The US And UK Governments Refuse To Show Up At United Nations Conference On Reparations

reparations

The US And UK Governments Refuse To Show Up At United Nations Conference On Reparations Photo: Mali's Prime Minister Choguel Maiga addresses the 76th session of the United Nations General Assembly at U.N. headquarters on Sept. 25, 2021. (Kena Betancur/Pool Photo via AP)

The U.S. and U.K. skipped a United Nations conference on race and reparations. 

On September 22, in New York, the UN held a conference commentary on the 20th anniversary of the adoption of the Durban Declaration and Program of Action. The Durban Declaration is a framework for fighting racial intolerance and was originally conceived at the 2001 World Conference against Racism, Racial Discrimination, Xenophobia, and Related Intolerance in Durban, South Africa.

Missing in action from the conference were two major world powerhouses, the U.S. and U.K. Representatives from other countries were in attendance at the day-long event.

The conference examined how several countries “once grew fantastically rich from colonialism and slavery, including the U.S., Canada, and the U.K.,” CNN reported.

Ambassadors from once-exploited regions in Africa, South America, and Asia addressed structural inequality and racism at the conference, themed “Reparations, racial justice and equality for people of African descent.”

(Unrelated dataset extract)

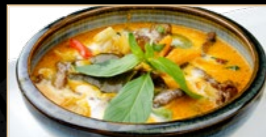
110 14.00€ Boeuf à la Sauce Curry

“Racism and racial discrimination still permeate institutions, social structures, and everyday life in every society. Structural racism and systematic injustice still deny people their fundamental human rights,” UN Secretary-General Antonio Guterres.  

Journalist Richard Sudan tweeted, “The United Nations held a special anti-racism conference…It included a focus on reparations, & racial justice for people of African heritage. The UK and US didn’t show up.”

“Wow,that’s pretty telling. I figured that they’d be the main ones who needed to be there,” tweeted Lennox Leone @LeonDeOro1976.

Brotha Hat @FFbootcamp4u tweeted, “Every other country was present except two! Let that sink in & marinate. America keeps telling the world how they feel about Black people, yet we keep expecting something different.”

The U.S. claimed it skipped the event due to its controversial origins.

The 2001 inaugural Durban event ended in a tense debate over whether to include Israel-Palestinian issues under the umbrella of discrimination. The U.S. and Israel walked out in protest of one draft of the conference’s final declaration that denounced “racial discrimination against the Palestinians” and others by Israel and equated Zionism with racism.

After the American and Israeli walkout, the wording was changed to recognize the “plight” of the Palestinians, and the document was eventually adopted, AP reported. Despite these changes, the U.S. still decided to boycott the most recent Durban conference.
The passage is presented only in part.